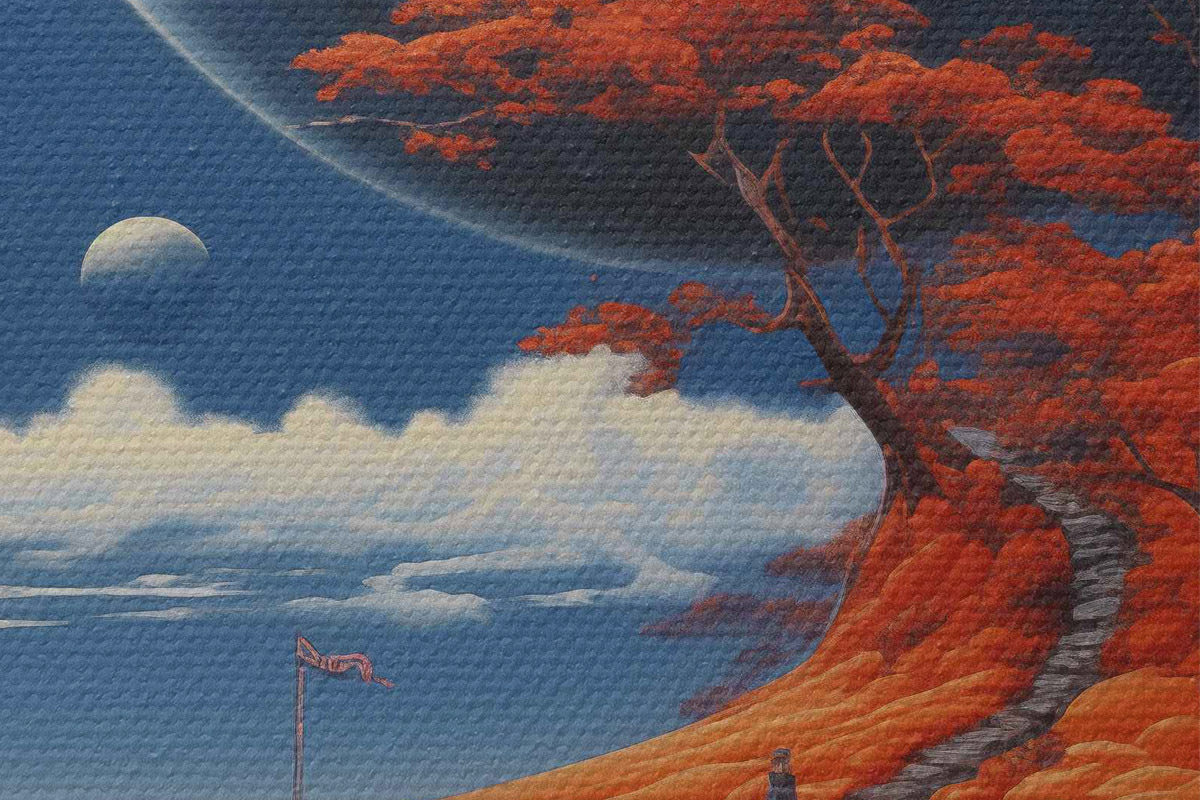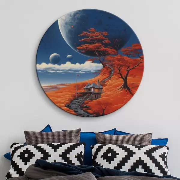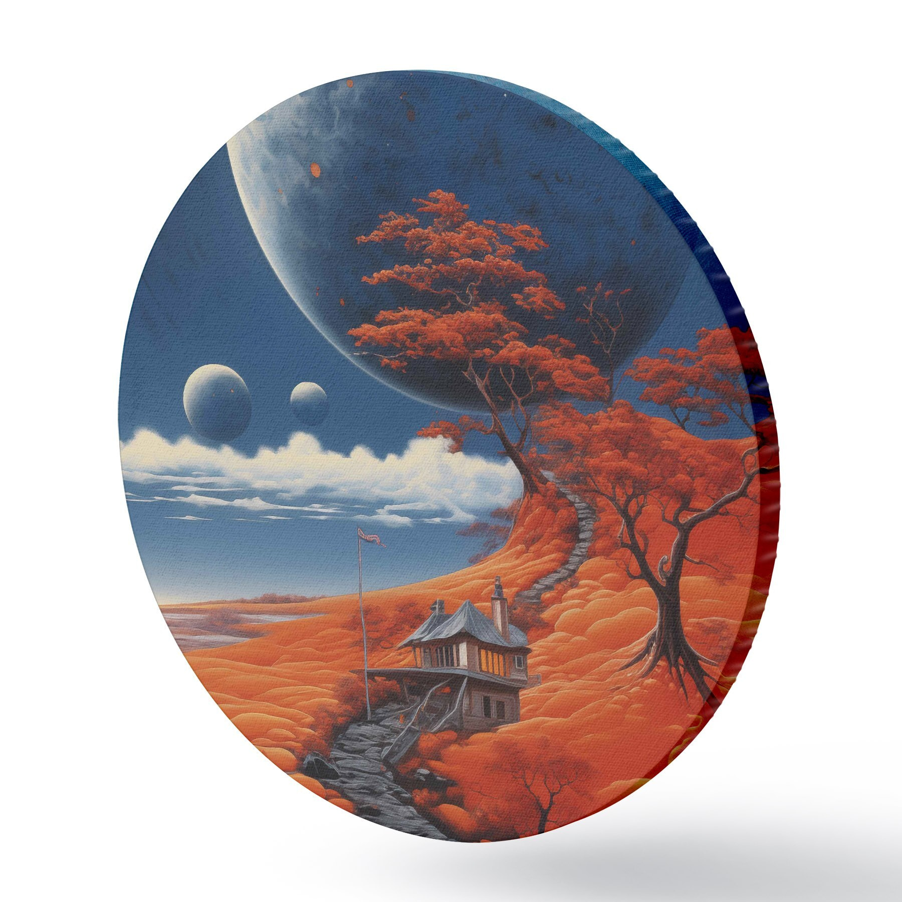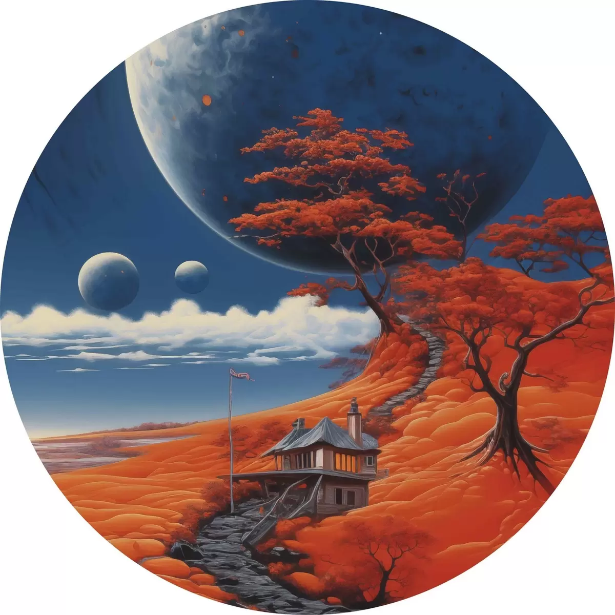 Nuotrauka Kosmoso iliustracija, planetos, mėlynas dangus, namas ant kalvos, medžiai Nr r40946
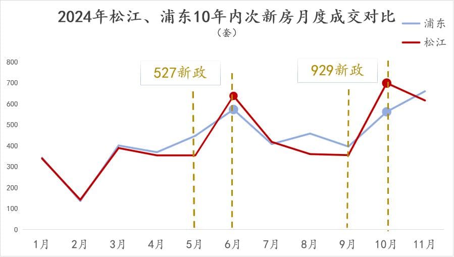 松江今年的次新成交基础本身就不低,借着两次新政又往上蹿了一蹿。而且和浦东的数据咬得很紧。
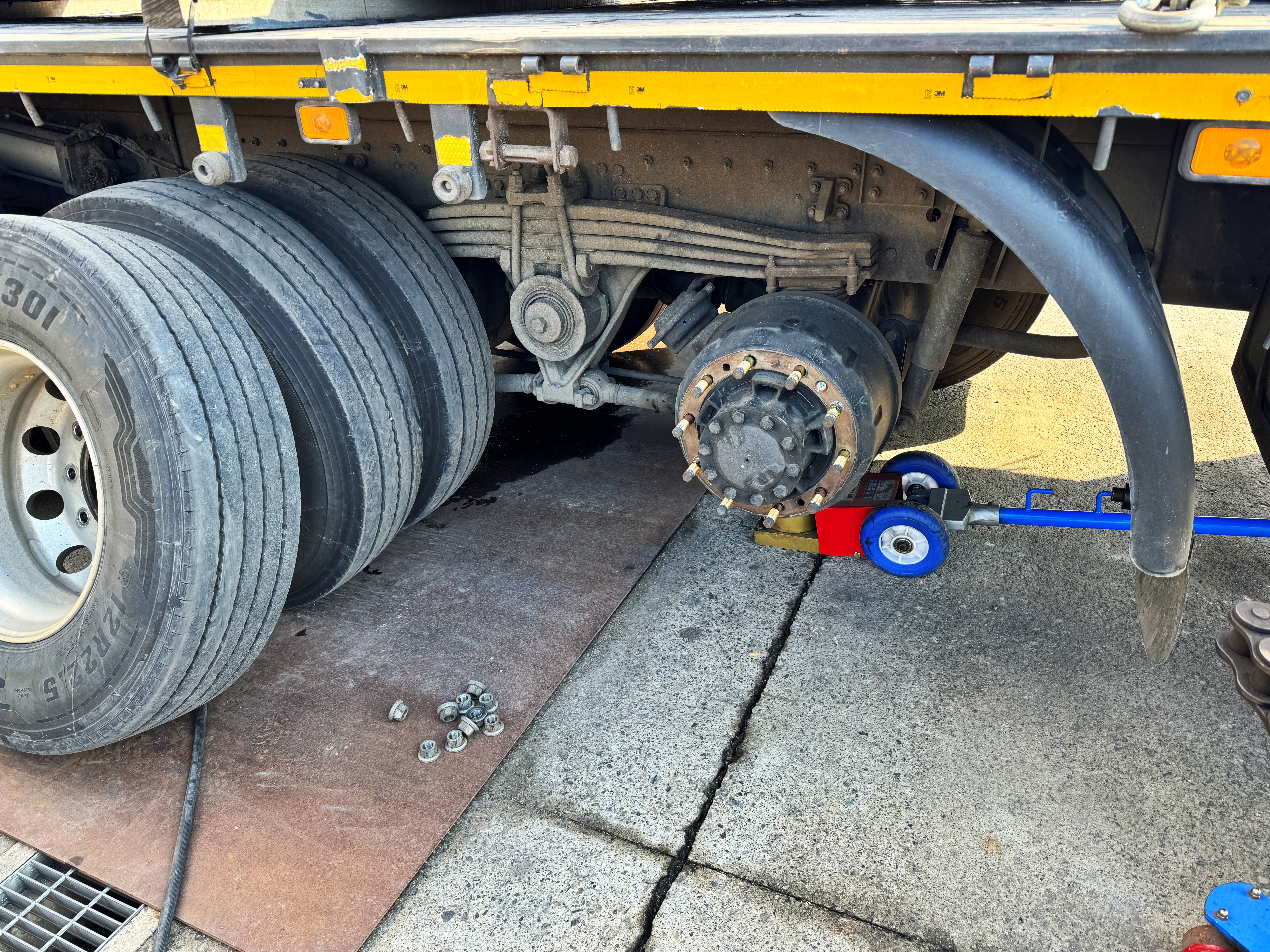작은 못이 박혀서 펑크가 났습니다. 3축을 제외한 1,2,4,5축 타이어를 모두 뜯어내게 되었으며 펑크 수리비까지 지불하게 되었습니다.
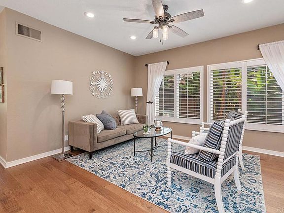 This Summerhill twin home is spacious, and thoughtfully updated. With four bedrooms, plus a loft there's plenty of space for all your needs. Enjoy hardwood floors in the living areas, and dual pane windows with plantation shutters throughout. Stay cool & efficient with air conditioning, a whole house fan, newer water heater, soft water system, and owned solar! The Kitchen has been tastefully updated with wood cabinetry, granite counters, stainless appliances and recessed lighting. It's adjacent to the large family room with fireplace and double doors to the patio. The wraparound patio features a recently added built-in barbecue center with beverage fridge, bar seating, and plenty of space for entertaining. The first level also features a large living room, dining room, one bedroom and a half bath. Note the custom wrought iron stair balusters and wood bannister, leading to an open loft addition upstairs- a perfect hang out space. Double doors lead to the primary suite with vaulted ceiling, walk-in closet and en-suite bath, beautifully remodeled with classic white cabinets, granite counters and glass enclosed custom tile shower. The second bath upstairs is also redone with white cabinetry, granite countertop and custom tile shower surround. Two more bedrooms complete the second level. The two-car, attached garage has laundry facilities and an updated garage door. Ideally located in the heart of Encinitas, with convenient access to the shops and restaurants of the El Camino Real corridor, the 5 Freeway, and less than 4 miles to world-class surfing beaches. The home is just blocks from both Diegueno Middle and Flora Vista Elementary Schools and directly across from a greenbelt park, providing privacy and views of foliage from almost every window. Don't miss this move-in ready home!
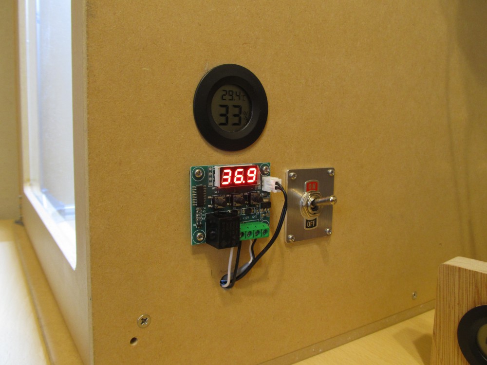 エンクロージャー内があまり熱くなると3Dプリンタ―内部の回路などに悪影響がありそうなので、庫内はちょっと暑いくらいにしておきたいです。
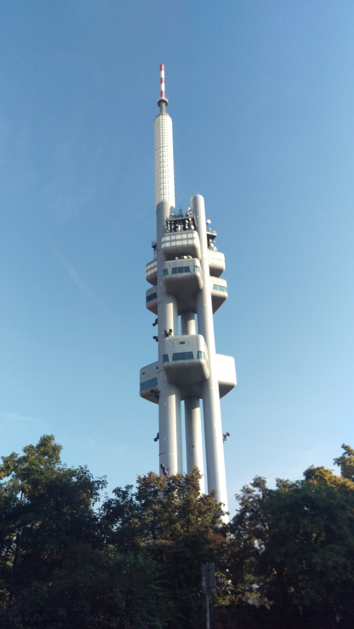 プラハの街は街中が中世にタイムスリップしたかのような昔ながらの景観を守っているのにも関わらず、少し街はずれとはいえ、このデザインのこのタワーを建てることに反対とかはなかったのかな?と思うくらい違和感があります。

━━━━━━━━━━━━━━━━━━━━━━━━━━━━━━

Your task is a word-for-word transcription of the entries, leaving out all pictures.

RESULT FOR THIS TASK:
 Nuotrauka Kosmoso iliustracija, planetos, mėlynas dangus, namas ant kalvos, medžiai Nr r40946
 松江今年的次新成交基础本身就不低,借着两次新政又往上蹿了一蹿。而且和浦东的数据咬得很紧。
작은 못이 박혀서 펑크가 났습니다. 3축을 제외한 1,2,4,5축 타이어를 모두 뜯어내게 되었으며 펑크 수리비까지 지불하게 되었습니다.
 This Summerhill twin home is spacious, and thoughtfully updated. With four bedrooms, plus a loft there's plenty of space for all your needs. Enjoy hardwood floors in the living areas, and dual pane windows with plantation shutters throughout. Stay cool & efficient with air conditioning, a whole house fan, newer water heater, soft water system, and owned solar! The Kitchen has been tastefully updated with wood cabinetry, granite counters, stainless appliances and recessed lighting. It's adjacent to the large family room with fireplace and double doors to the patio. The wraparound patio features a recently added built-in barbecue center with beverage fridge, bar seating, and plenty of space for entertaining. The first level also features a large living room, dining room, one bedroom and a half bath. Note the custom wrought iron stair balusters and wood bannister, leading to an open loft addition upstairs- a perfect hang out space. Double doors lead to the primary suite with vaulted ceiling, walk-in closet and en-suite bath, beautifully remodeled with classic white cabinets, granite counters and glass enclosed custom tile shower. The second bath upstairs is also redone with white cabinetry, granite countertop and custom tile shower surround. Two more bedrooms complete the second level. The two-car, attached garage has laundry facilities and an updated garage door. Ideally located in the heart of Encinitas, with convenient access to the shops and restaurants of the El Camino Real corridor, the 5 Freeway, and less than 4 miles to world-class surfing beaches. The home is just blocks from both Diegueno Middle and Flora Vista Elementary Schools and directly across from a greenbelt park, providing privacy and views of foliage from almost every window. Don't miss this move-in ready home!
 エンクロージャー内があまり熱くなると3Dプリンタ―内部の回路などに悪影響がありそうなので、庫内はちょっと暑いくらいにしておきたいです。
 プラハの街は街中が中世にタイムスリップしたかのような昔ながらの景観を守っているのにも関わらず、少し街はずれとはいえ、このデザインのこのタワーを建てることに反対とかはなかったのかな?と思うくらい違和感があります。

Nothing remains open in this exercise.